*** SOURCE DATA Section Begins ***

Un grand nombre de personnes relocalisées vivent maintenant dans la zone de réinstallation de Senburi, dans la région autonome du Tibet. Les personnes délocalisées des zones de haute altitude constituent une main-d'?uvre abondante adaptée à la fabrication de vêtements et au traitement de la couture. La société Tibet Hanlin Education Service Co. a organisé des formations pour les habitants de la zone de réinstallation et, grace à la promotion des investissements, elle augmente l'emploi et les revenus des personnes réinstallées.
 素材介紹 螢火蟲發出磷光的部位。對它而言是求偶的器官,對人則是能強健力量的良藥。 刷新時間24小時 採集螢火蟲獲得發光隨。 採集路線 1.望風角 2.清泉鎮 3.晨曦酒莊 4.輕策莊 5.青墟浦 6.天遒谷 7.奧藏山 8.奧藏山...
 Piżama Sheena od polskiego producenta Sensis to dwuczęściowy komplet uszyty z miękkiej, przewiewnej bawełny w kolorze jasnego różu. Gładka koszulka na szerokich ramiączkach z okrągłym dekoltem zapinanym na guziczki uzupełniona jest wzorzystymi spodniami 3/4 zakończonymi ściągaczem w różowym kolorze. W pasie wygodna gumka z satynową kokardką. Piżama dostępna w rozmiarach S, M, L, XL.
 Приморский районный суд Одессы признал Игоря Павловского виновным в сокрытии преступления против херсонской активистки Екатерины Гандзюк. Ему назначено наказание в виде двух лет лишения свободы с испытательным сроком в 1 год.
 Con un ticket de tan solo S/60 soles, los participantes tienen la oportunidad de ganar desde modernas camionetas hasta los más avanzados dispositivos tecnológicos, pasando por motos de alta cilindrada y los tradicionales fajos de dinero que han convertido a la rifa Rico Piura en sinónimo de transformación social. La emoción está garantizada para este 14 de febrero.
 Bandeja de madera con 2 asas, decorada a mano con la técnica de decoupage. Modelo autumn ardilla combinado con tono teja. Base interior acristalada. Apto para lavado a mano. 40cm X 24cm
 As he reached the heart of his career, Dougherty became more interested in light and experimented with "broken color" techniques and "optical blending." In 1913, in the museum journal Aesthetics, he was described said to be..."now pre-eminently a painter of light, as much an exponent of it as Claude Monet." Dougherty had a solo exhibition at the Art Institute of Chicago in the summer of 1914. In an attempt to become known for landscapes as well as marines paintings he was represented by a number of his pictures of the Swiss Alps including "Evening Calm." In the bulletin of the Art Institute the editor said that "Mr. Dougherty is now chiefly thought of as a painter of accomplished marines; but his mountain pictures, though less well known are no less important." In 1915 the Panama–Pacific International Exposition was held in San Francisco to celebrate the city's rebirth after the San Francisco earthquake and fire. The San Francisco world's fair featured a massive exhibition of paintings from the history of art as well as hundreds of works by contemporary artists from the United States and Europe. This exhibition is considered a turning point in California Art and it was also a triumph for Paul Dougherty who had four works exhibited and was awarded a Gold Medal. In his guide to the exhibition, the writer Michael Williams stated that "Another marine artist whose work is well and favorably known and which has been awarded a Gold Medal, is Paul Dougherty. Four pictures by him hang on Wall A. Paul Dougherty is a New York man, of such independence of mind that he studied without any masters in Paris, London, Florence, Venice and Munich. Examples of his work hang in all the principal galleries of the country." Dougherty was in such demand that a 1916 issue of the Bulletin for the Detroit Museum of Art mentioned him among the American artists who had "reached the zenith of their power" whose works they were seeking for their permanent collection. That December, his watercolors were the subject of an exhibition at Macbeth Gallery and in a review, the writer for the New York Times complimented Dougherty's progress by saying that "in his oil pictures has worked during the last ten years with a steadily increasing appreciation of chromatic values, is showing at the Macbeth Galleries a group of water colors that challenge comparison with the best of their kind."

*** SOURCE DATA Section Ends ***
*** SOURCE DATA Section Begins ***

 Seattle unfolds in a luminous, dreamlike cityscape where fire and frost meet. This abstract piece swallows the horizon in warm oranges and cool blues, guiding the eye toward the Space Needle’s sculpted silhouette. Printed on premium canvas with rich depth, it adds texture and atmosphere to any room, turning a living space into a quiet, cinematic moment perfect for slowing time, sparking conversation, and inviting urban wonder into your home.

*** SOURCE DATA Section Ends ***

- ACTION ITEM:
Show the lines from the data above that contain the string "para".

- ANSWER TO THIS TASK:
 Con un ticket de tan solo S/60 soles, los participantes tienen la oportunidad de ganar desde modernas camionetas hasta los más avanzados dispositivos tecnológicos, pasando por motos de alta cilindrada y los tradicionales fajos de dinero que han convertido a la rifa Rico Piura en sinónimo de transformación social. La emoción está garantizada para este 14 de febrero.
 Bandeja de madera con 2 asas, decorada a mano con la técnica de decoupage. Modelo autumn ardilla combinado con tono teja. Base interior acristalada. Apto para lavado a mano. 40cm X 24cm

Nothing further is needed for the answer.